Trump’s “Fire and Fury” Threat Was Improvised!

Dear Commons Community,

President Donald Trump drew attention from around the world on Tuesday with his statement that “North Korea best not make any more threats to the United States. They will be met with fire and fury like the world has never seen.”

But it turns out that Trump’s “fire and fury” line was actually completely improvised, as reported by the New York Times:

“The president’s language, which aides say he had used in private, escalated the long-running dispute with North Korea to a new level and left members of the Trump administration scrambling on Wednesday to explain what he meant.

But the process, or lack of one, that led to the ad-libbed comments embodied Mr. Trump’s overall approach to foreign policy, an improvisational style that often leaves his national security team in the dark about what he is going to say or do, according to several people with direct knowledge of how the episode unfolded.

The president was in a confrontational mood on Tuesday afternoon after The Washington Post reported that Pyongyang had developed nuclear warheads small enough to be placed on ballistic missiles. His team assumed that he would be asked about North Korea during a scheduled media appearance tied to a meeting the president was planning to hold at his golf club in Bedminster, N.J., about the opioid epidemic.

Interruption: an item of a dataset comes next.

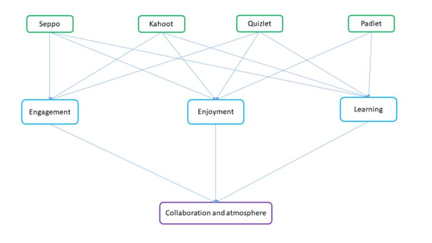 Figure 1 illustrates how the four applications used impacted engagement, enjoyment and learning. Furthermore, the course design emphasised collaboration and a positive, tolerant and emotionally safe atmosphere (Eteläpelto & Lahti, 2008) that, in turn, fosters engagement, enjoyment and learning. All these factors are connected with each other, offering students opportunities to be active learners in a meaningful and fruitful learning environment.

But during a conference call beforehand that focused on North Korea, Mr. Trump did not offer a preview of what he planned to say — and aides did not press the president, who resists being told what to say, even on a tinderbox issue that has induced his predecessors to seek the safety of a script.

He told his aides only that he wanted to signal to Mr. Kim, the North Korean leader, that he was not backing down — while turning up the pressure he has tried to place on China to tame its troublesome neighbor and on-and-off ally.

Mr. Trump’s aides braced as he began to speak at the opioid event — his arms folded, jaw set and eyes flitting on what appeared to be a single page of talking points set before him on the conference table where he was sitting. The piece of paper, as it turned out, was a fact sheet on the opioid crisis.

Secretary of State Rex Tillerson attempted to quell concerns of any retaliation from Pyongyang after Trump’s remarks by saying, “I think Americans should sleep well at night, have no concerns about this particular rhetoric of the last few days.”

The quick improvisation has also kept up tensions in the White House and the debate between General H.R. McMaster and Chief Strategist Steve Bannon about how to deal with North Korea.

So while we debate on the best course of action to take with North Korea, there is no debate that Trump’s “fire and fury” line was planned… because apparently it wasn’t.

It’s also been pointed out that the line is eerily similar to the statement former President Harry Truman delivered to the country and the world that the United States had dropped an atomic bomb on Japan in August 1945.

“If they do not now accept our terms they may expect a rain of ruin from the air, the like of which has never been seen on this earth,” said Truman.”

This is the second day in a row that my postings concluded with a quote from Harry S. Truman.